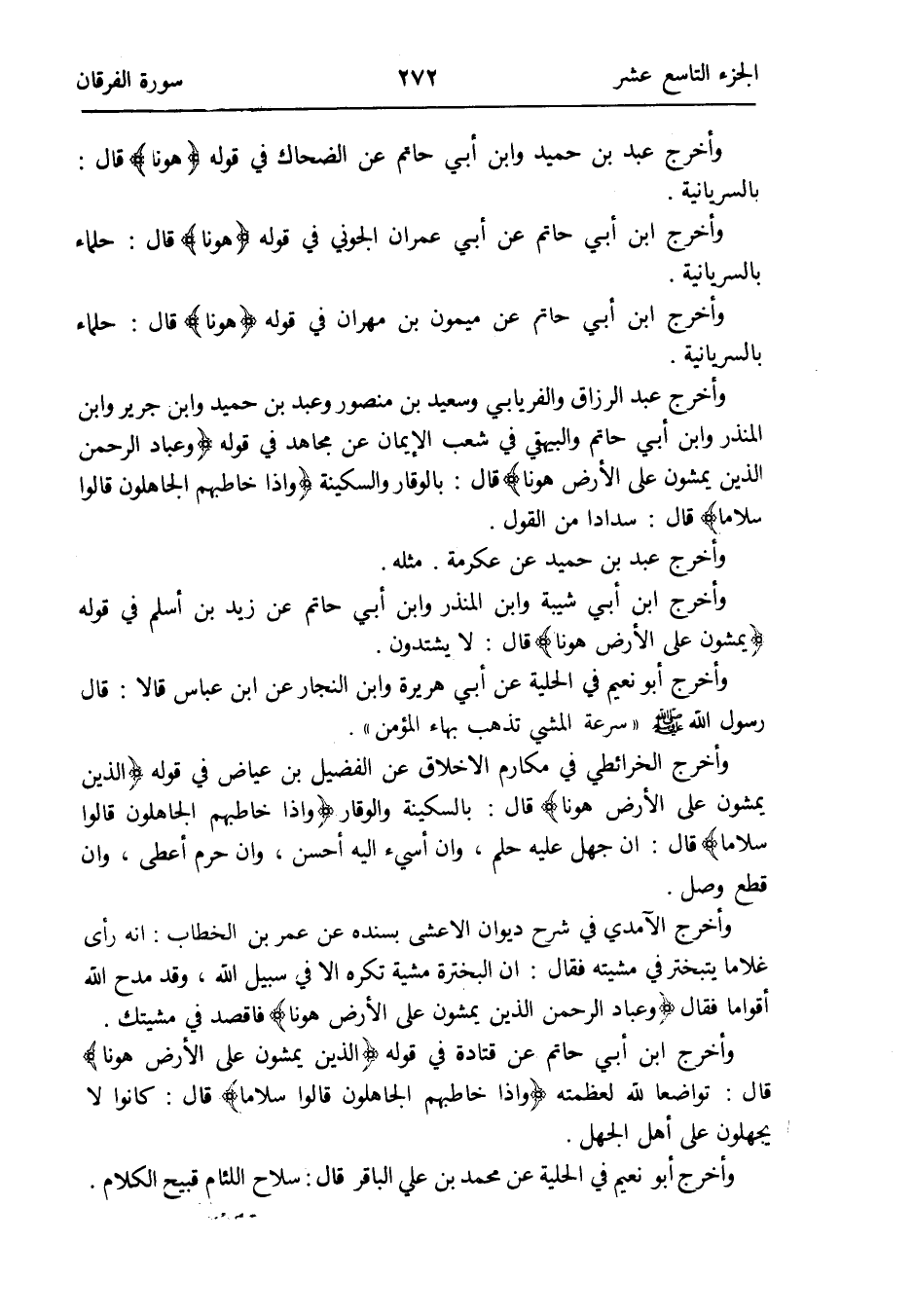 وَأخرج عبد الرَّزَّاق وَالْفِرْيَابِي وَسَعِيد بن مَنْصُور وَعبد بن حميد وَابْن جرير وَابْن الْمُنْذر وَابْن أبي حَاتِم وَالْبَيْهَقِيّ فِي شعب الإِيمان عَن مُجَاهِد فِي قَوْله {وَعباد الرَّحْمَن الَّذين يَمْشُونَ على الأَرْض هونا} قَالَ: بالوقار والسكينة {وَإِذا خاطبهم الجاهلون قَالُوا سَلاما} قَالَ: سداداً من القَوْل
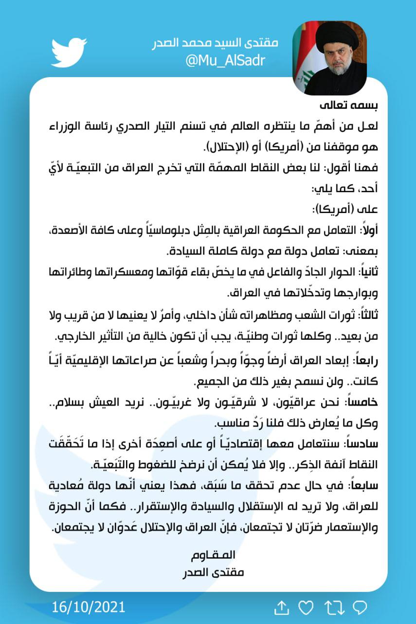 سياسةالصدر يطرح سبع نقاط لاخراج العراق من التبعية ويعلق بشأن منصب رئاسة الوزراء قبل 4 سنوات 4 مشاهدات شارك الوسومالصدرمنصب رئاسة الوزراءقد يهمك أيضا عربي ودولي قرار جديد من مجموعة السبع والاتحاد الأوروبي: فرض حظر كامل على النفط الروسي قبل 11 دقيقة 2 مشاهدات رياضة الفيفا يمنح جائزة السلام 2025 لدونالد ترامب قبل 50 دقيقة 7 مشاهدات أمن العراق يعلن إنشاء "بنك معلومات وطني" للأسلحة قبل ساعة واحدة 6 مشاهدات عربي ودولي قيود وضوابط جديدة.. اليابان تشدد سياسات الهجرة رغم شيخوخة السكان قبل ساعة واحدة 7 مشاهدات محليات العراق يستعد لاستقبال حالة جوية غير مستقرة وأمطار غزيرة اعتباراً من مساء الغد قبل ساعتين 5 مشاهدات
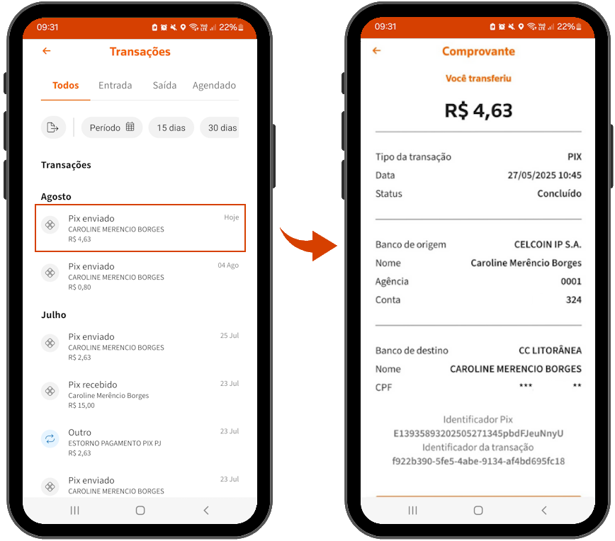 3. Ao clicar em uma transação, é possível visualizar os dados e Compartilhar o comprovante;
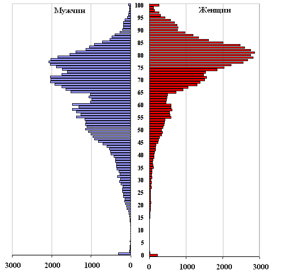 уже в этом возрасте показатели мужской смертности значительно выше,

* Work item: Please give back the material above exactly as written, pictures omitted.

* Written solution:
 وَأخرج عبد الرَّزَّاق وَالْفِرْيَابِي وَسَعِيد بن مَنْصُور وَعبد بن حميد وَابْن جرير وَابْن الْمُنْذر وَابْن أبي حَاتِم وَالْبَيْهَقِيّ فِي شعب الإِيمان عَن مُجَاهِد فِي قَوْله {وَعباد الرَّحْمَن الَّذين يَمْشُونَ على الأَرْض هونا} قَالَ: بالوقار والسكينة {وَإِذا خاطبهم الجاهلون قَالُوا سَلاما} قَالَ: سداداً من القَوْل
 سياسةالصدر يطرح سبع نقاط لاخراج العراق من التبعية ويعلق بشأن منصب رئاسة الوزراء قبل 4 سنوات 4 مشاهدات شارك الوسومالصدرمنصب رئاسة الوزراءقد يهمك أيضا عربي ودولي قرار جديد من مجموعة السبع والاتحاد الأوروبي: فرض حظر كامل على النفط الروسي قبل 11 دقيقة 2 مشاهدات رياضة الفيفا يمنح جائزة السلام 2025 لدونالد ترامب قبل 50 دقيقة 7 مشاهدات أمن العراق يعلن إنشاء "بنك معلومات وطني" للأسلحة قبل ساعة واحدة 6 مشاهدات عربي ودولي قيود وضوابط جديدة.. اليابان تشدد سياسات الهجرة رغم شيخوخة السكان قبل ساعة واحدة 7 مشاهدات محليات العراق يستعد لاستقبال حالة جوية غير مستقرة وأمطار غزيرة اعتباراً من مساء الغد قبل ساعتين 5 مشاهدات
 3. Ao clicar em uma transação, é possível visualizar os dados e Compartilhar o comprovante;
 уже в этом возрасте показатели мужской смертности значительно выше,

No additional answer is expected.